Сбегав через дорогу к шоферам, Третьяков заправил бензином керосиновую лампу, всыпал в нее горсть соли, чтобы бензин не взорвался, а когда вернулся, за столом сидели уже трое.

– Ты гляди, лейтенант, кого хозяйка от нас скрывала! – поблескивая золотыми коронками из-под бледных, как отсыревших изнутри губ, шумно встретил его Таранов. И подмигивал, указывал глазами.

Рядом с хозяйкой сидела дочь лет семнадцати. Была она тоже крупна, хороша собой, но сидела, как монашенка, опустив черные ресницы. Когда Третьяков садился около, подняла их, глянула на него с любопытством. Глаза синие-синие. Заговорила первая:

– Мы не взорвемось?

– Что вы! – стал успокаивать Третьяков. – Проверено на фронте. Соли всыпал в бензин, ни за что не взорвется.

И споткнулся о ее взгляд. Она снисходительно улыбалась:

– Я ж така трусиха, усего боюсь…

А мать черными глазами стерегла ее и рассказывала, рассказывала, сыпала словами, как из пулемета:

– Тут нимцы увходять, тут я писля операции уся, уся разрезанная лежу. Ой, боже ж мий! Оксаночке четырнадцать рокив и тэ, малэ… Шо мэни робить?

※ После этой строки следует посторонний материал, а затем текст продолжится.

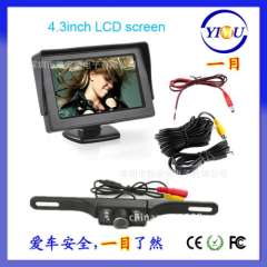 4.3-inch car display + long license plate reversing rear view camera infrared night vision HD car visual suit

– Тебя Оксаной зовут? – спросил Третьяков тихо.

– Оксана. А вас?

– Володя.

Она подала под столом свою руку, мягкую, жаркую, влажную. Сердце у него пропустило удар и заколотилось, как сорвавшись.

– Оксаночка! – позвала хозяйка, встав из-за стола. Та вздохнула, улыбнулась лейтенанту, нехотя пошла за матерью.

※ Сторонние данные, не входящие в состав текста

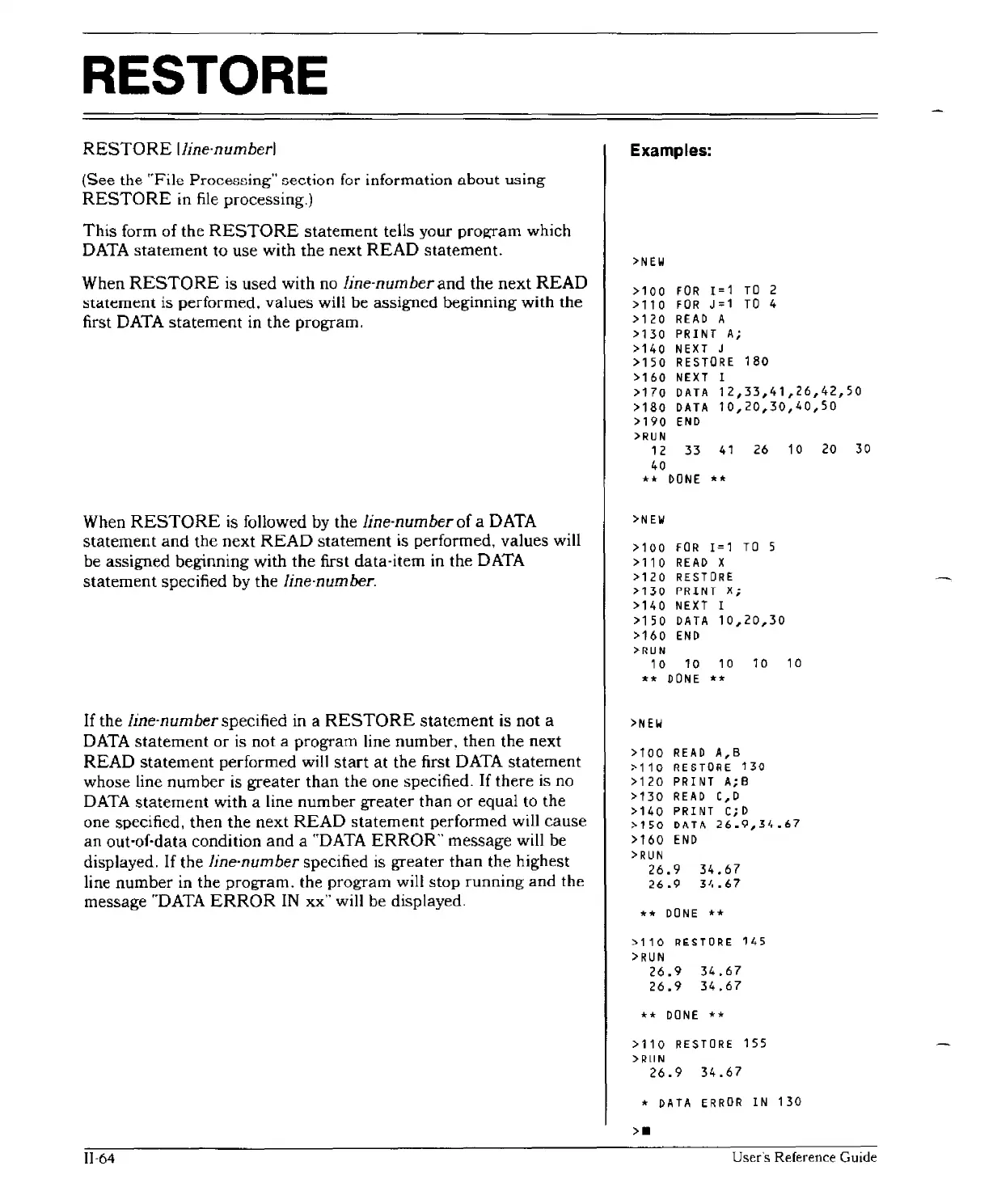 is followed by the line-number of a DATA

– Ты не теряйся, лейтенант! – шепнул Таранов. Они двое сидели за столом, ждали. За дверью слышен был приглушенный голос хозяйки: она что-то быстро говорила, ни одного слова не разобрать. – На фронт едем.

Он подмигнул, быстро налил стаканы. Выпили. По очереди прикурили от лампы.

– Может, последний день так, может, завтра убьют, а?

И громко позвал:

– Катерина Васильевна! Катя! Что ж вы нас бросили одних? Нехорошо, нехорошо. Мы ведь обидеться можем. – Голоса за дверью смолкли. Потом хозяйка вышла, одна, сияя улыбкой.

– А где ж Оксаночка? – забеспокоился Таранов.

– Спать полягали. – Хозяйка близко села с ним рядом, полным плечом касалась его плеча. – От если б вы были врачи…

– А что? Какая болезнь? – спрашивал Таранов.

– Та не болезнь. Дороги гоняют строить. От если б вы были врачи, дали б освобождение дивчине.

– А мы и есть врачи! – Таранов усиленно подмигивал ему, глазами указывал на дверь, за которой Оксана.

– То вы шуткуете! – И полной ручкой махала на него. Таранов ручку перехватил, к себе потянул. – У врачей погоны зовсим не такие.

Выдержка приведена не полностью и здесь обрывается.